=== About this task ===
Hand back every line from the beginning of the data below through the line containing "NOTE: After updating", word for word and free of pictures.

=== The data ===
──────────────────────────────

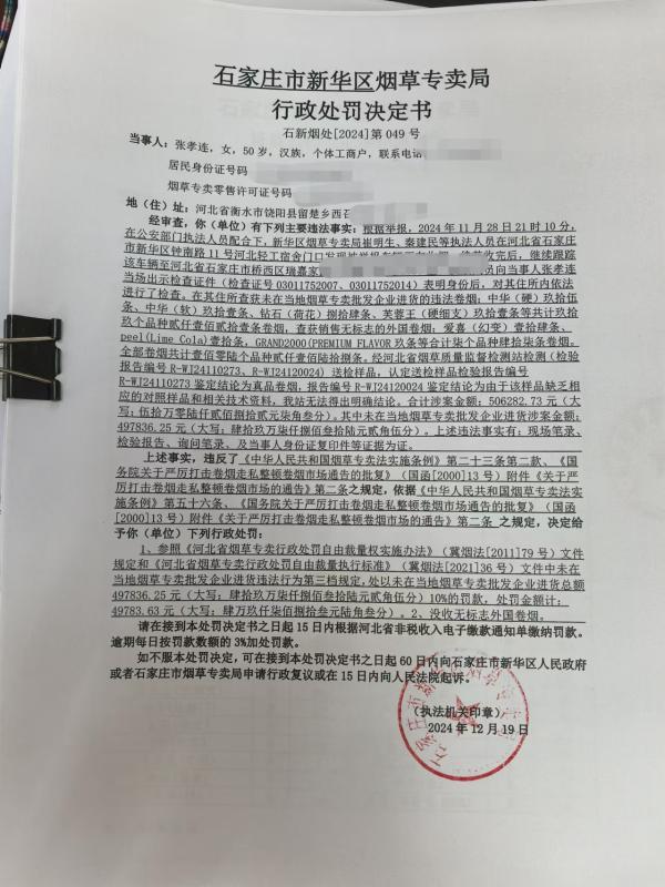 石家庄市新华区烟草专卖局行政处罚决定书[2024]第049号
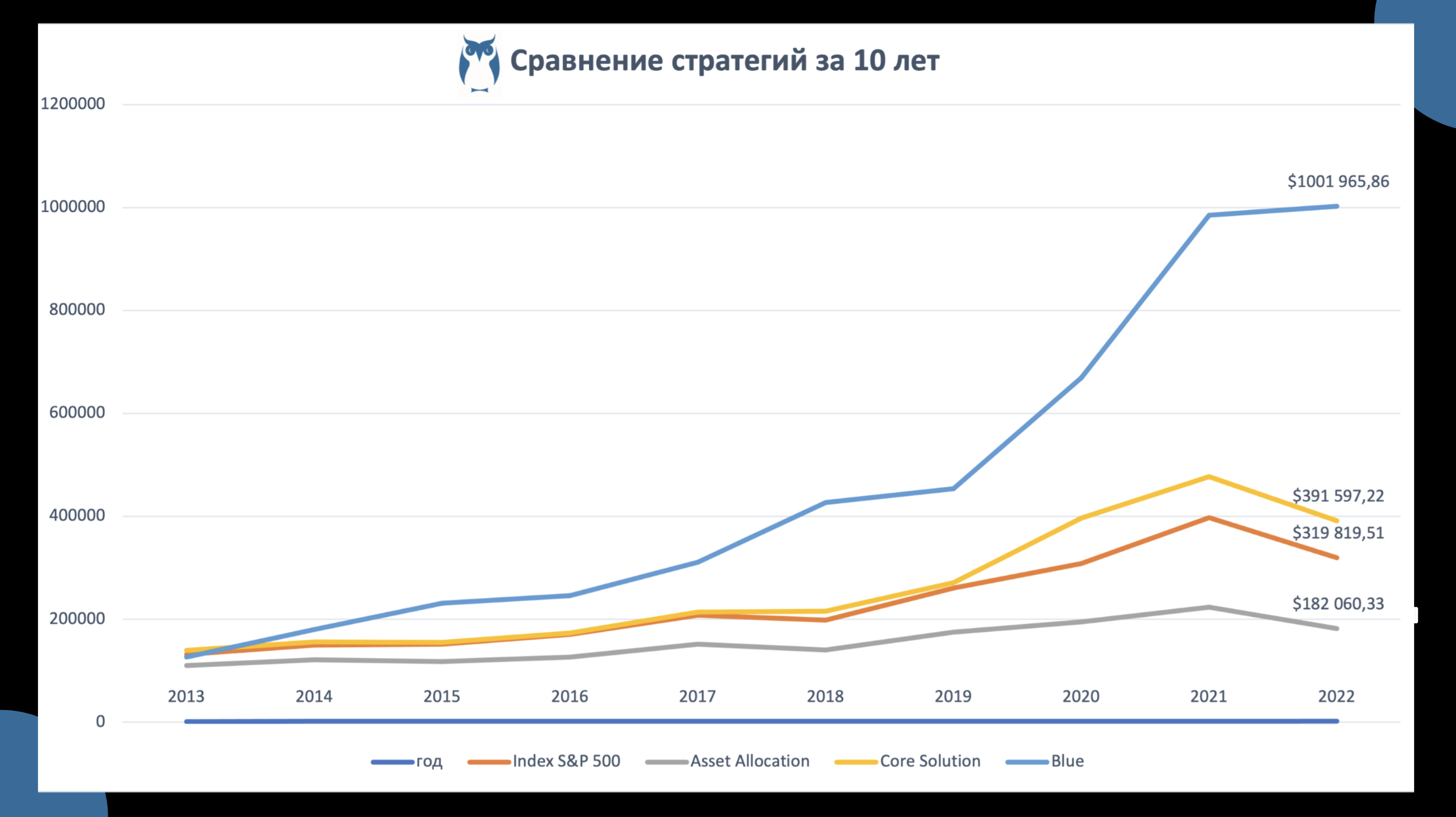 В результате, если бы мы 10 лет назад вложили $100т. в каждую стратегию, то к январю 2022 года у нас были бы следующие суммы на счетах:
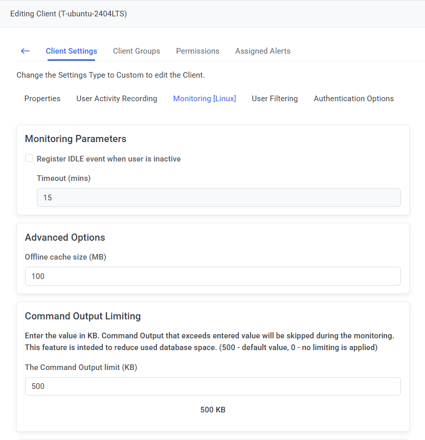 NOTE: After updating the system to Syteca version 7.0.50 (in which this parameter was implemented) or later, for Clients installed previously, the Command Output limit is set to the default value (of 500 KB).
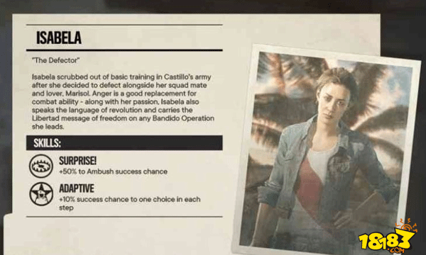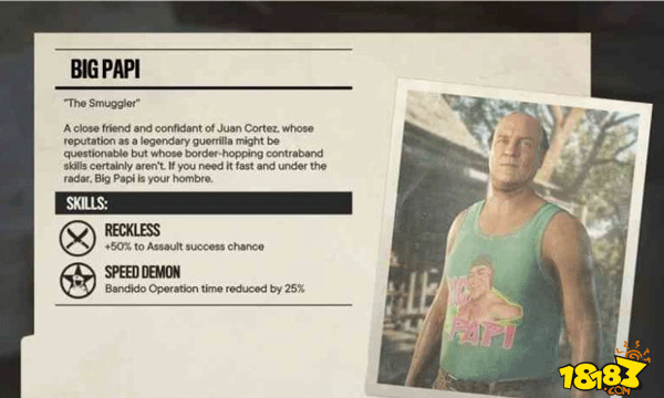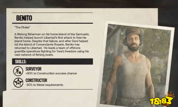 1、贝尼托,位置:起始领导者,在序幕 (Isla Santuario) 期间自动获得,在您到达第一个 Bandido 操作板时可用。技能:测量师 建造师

──────────────────────────────

=== Exercise response ===
 石家庄市新华区烟草专卖局行政处罚决定书[2024]第049号
 В результате, если бы мы 10 лет назад вложили $100т. в каждую стратегию, то к январю 2022 года у нас были бы следующие суммы на счетах:
 NOTE: After updating the system to Syteca version 7.0.50 (in which this parameter was implemented) or later, for Clients installed previously, the Command Output limit is set to the default value (of 500 KB).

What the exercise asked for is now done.